# Proper placement of a stick-on arrow rest.



## Joe Hohmann (Oct 24, 2013)

I understand that a stick-on arrow rest, like the Hoyt Super Rest, should have the actual rest over the pivot point (deepest part of the grip). But how far above the shelf should it be? I don't remember a actual measurement being given in "Shooting the Stickbow", but in "Fundamentals of Recurve Target Archery", 5/8" was given. Also stated, if your bow has a plunger, you can just use that as a guide. Comments? Thanks.


----------



## Viper1 (Aug 21, 2003)

Joe - 

I generally try to keep it as low as possible or practical.

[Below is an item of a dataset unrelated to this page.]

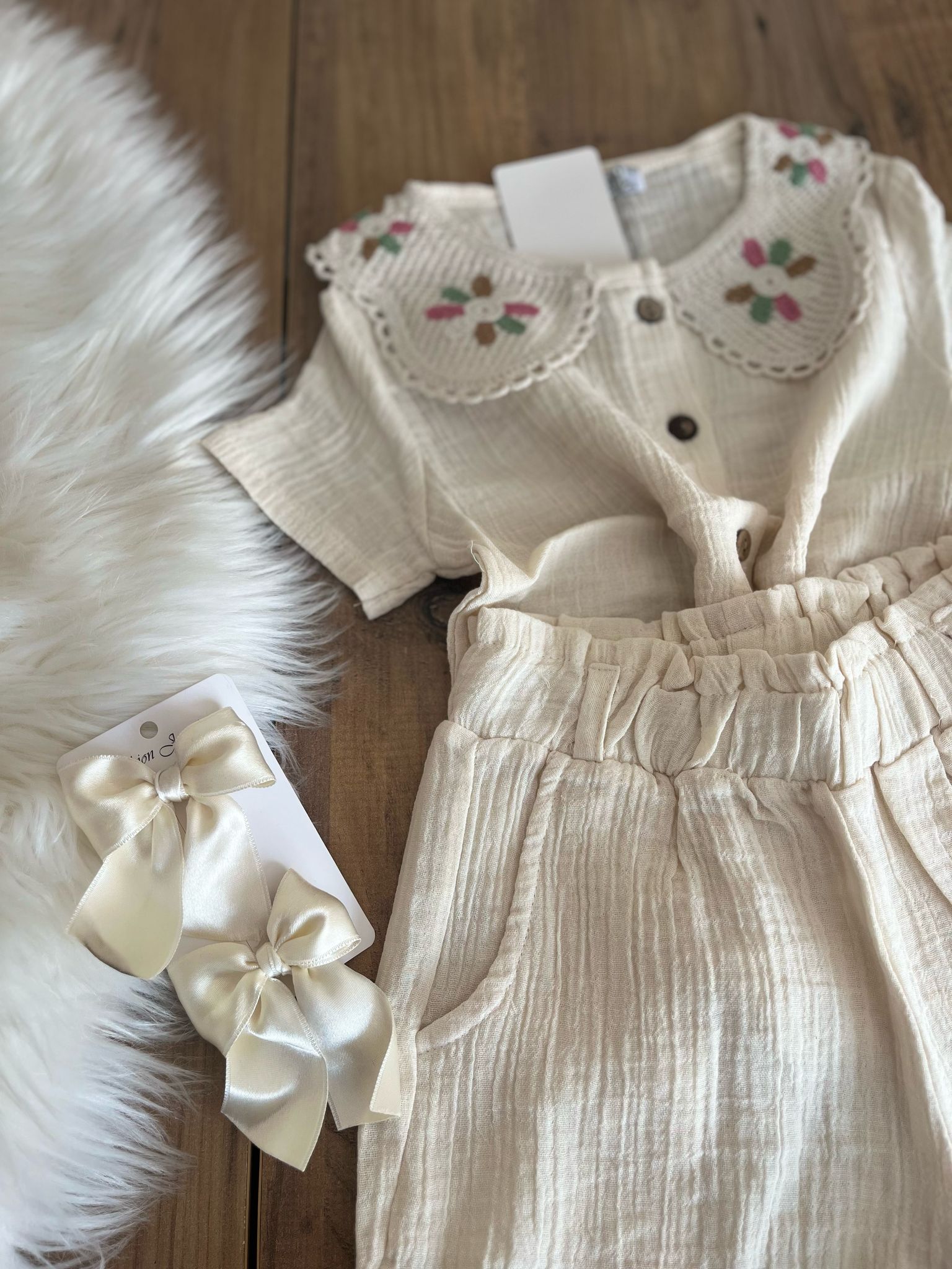 krem renk yazlık müslin ikili takım

Here's the quote from Shooting the Stickbow 

"Remove the backing from the rest and place it on the sight window, with its *bottom edge close to the shelf* and the base of the “arrow holder” part of the rest directly above the deepest part of the grip (diag 2-4)."

The reason for that, it that it just makes tuning easier, in most cases. 

Viper1 out


----------



## guyver (Jan 3, 2012)

Plunger or as low as you can get it, consider fletching clearance. This is a personal preference kinda thing beyond that.

What Viper said


----------



## Joe Hohmann (Oct 24, 2013)

Thank you. It is currently close to the shelf (5/16" to the actual rest), but I need to move it back a bit to the pivot point. BTW, my arrows have plastic vanes.


----------



## Viper1 (Aug 21, 2003)

Joe - 

Sometimes aesthetics wins out over "function". On a lot of my "trad" or vintage bows, I set the rest where it looks best. The reason for placing the rest over the pivot point is too minimize the effects on any torque you place on the bow. How much of a difference that makes for the "average" shooter can be debated. 

If those arrows are spined and tuned correctly the vanes should be off the rest, and nowhere near the shelf due to paradox. 

Viper1 out.


----------